▶ _ASSIGNED TASK_:
Only one span of the listing below is wanted: the lines from the one with "(Əvvəlki 1-ci səhifədə)" through the one with "Figure 2 : Contre-plongée.", reproduced exactly, both ends kept.

======== MATERIAL FOR THIS EXERCISE ========

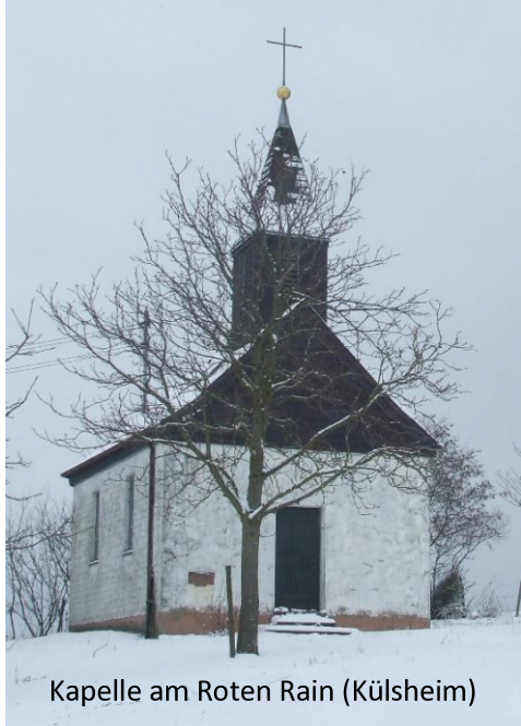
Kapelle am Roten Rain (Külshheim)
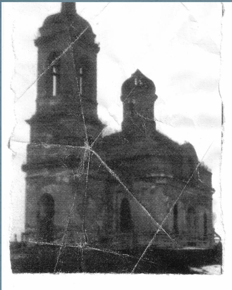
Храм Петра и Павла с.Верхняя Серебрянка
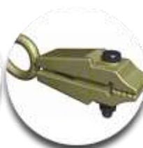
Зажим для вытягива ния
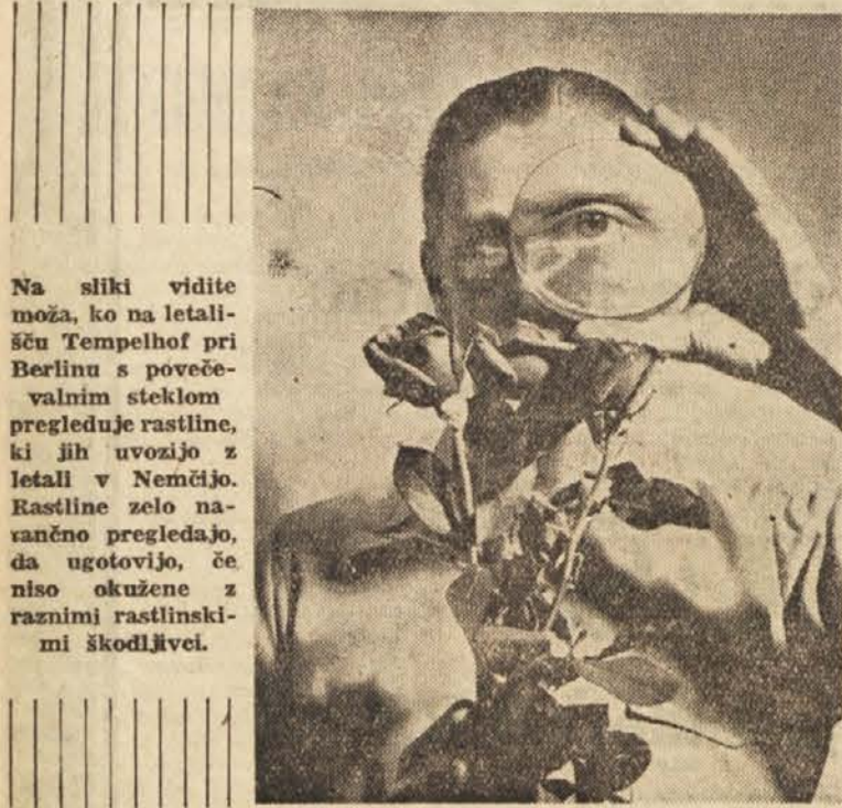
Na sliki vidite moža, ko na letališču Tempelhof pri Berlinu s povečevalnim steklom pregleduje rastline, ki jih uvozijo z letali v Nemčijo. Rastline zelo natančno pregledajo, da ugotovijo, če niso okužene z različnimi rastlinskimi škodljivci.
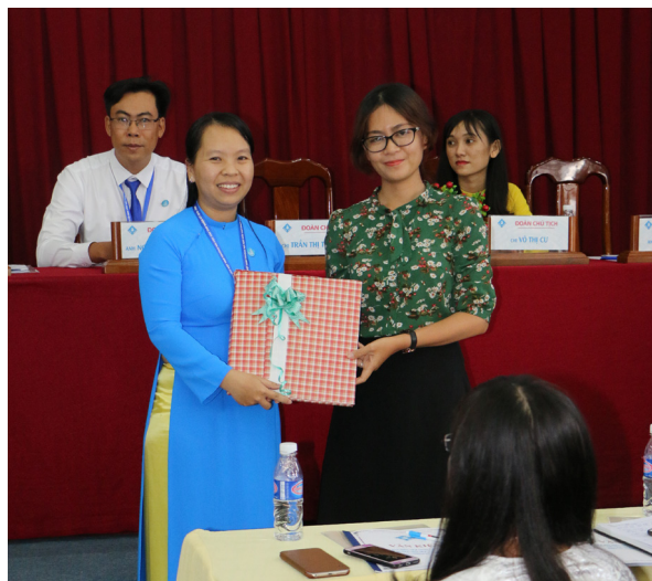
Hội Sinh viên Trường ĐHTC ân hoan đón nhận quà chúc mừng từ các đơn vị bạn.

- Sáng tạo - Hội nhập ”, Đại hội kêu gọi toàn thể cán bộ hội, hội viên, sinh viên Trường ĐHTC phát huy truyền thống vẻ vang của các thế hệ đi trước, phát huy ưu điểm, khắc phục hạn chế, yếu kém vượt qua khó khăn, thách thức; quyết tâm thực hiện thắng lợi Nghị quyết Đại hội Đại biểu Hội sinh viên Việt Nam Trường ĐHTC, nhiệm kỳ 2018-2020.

========
======== MATERIAL FOR THIS EXERCISE ========

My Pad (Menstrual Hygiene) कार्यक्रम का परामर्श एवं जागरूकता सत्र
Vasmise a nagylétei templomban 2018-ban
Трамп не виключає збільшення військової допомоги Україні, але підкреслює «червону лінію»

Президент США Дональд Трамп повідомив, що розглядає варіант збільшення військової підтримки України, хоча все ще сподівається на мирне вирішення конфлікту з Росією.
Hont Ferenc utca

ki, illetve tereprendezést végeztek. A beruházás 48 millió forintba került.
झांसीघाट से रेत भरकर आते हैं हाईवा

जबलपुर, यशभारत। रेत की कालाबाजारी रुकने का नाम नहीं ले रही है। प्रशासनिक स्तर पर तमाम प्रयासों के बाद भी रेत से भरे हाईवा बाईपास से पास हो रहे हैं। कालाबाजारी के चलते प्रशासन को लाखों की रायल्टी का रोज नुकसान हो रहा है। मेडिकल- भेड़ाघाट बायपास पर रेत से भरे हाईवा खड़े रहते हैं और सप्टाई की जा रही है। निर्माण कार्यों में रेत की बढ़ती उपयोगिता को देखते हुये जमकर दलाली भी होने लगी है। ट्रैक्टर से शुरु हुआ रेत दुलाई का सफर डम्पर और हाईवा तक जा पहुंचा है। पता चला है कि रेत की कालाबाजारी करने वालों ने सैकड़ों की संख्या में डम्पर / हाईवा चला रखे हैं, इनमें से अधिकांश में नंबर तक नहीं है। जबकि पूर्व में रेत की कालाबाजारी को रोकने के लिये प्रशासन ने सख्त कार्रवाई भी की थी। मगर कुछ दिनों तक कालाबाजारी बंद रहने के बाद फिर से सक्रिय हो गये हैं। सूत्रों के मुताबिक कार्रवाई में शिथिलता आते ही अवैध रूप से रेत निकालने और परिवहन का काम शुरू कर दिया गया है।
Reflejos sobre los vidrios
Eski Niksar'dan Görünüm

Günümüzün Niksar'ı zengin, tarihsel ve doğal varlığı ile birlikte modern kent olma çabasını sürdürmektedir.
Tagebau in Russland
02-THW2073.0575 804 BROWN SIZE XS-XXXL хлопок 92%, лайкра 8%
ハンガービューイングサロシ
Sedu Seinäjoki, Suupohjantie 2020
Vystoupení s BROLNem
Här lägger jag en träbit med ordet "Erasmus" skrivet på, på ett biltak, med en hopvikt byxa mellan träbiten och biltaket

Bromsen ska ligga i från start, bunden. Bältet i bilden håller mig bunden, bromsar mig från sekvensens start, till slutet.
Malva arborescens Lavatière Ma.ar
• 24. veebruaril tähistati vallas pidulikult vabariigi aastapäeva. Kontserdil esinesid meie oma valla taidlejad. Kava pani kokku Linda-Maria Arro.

========
======== MATERIAL FOR THIS EXERCISE ========

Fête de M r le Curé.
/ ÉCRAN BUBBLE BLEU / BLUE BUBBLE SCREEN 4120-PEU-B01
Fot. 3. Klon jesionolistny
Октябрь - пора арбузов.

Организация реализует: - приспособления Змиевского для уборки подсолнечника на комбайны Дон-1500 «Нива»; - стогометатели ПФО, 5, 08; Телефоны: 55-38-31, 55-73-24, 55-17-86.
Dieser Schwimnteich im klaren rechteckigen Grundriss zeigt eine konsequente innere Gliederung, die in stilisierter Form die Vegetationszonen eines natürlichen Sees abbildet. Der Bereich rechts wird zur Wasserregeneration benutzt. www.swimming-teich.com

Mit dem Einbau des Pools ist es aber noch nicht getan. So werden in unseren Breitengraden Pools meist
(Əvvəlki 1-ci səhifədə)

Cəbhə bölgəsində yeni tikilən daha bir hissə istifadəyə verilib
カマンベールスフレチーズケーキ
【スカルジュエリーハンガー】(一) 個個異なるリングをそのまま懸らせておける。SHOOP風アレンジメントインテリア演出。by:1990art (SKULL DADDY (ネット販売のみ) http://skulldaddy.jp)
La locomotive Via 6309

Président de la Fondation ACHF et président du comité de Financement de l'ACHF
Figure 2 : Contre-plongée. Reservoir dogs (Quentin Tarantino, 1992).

========

▶ _WRITTEN RESPONSE_:
(Əvvəlki 1-ci səhifədə)

Cəbhə bölgəsində yeni tikilən daha bir hissə istifadəyə verilib
カマンベールスフレチーズケーキ
【スカルジュエリーハンガー】(一) 個個異なるリングをそのまま懸らせておける。SHOOP風アレンジメントインテリア演出。by:1990art (SKULL DADDY (ネット販売のみ) http://skulldaddy.jp)
La locomotive Via 6309

Président de la Fondation ACHF et président du comité de Financement de l'ACHF
Figure 2 : Contre-plongée. Reservoir dogs (Quentin Tarantino, 1992).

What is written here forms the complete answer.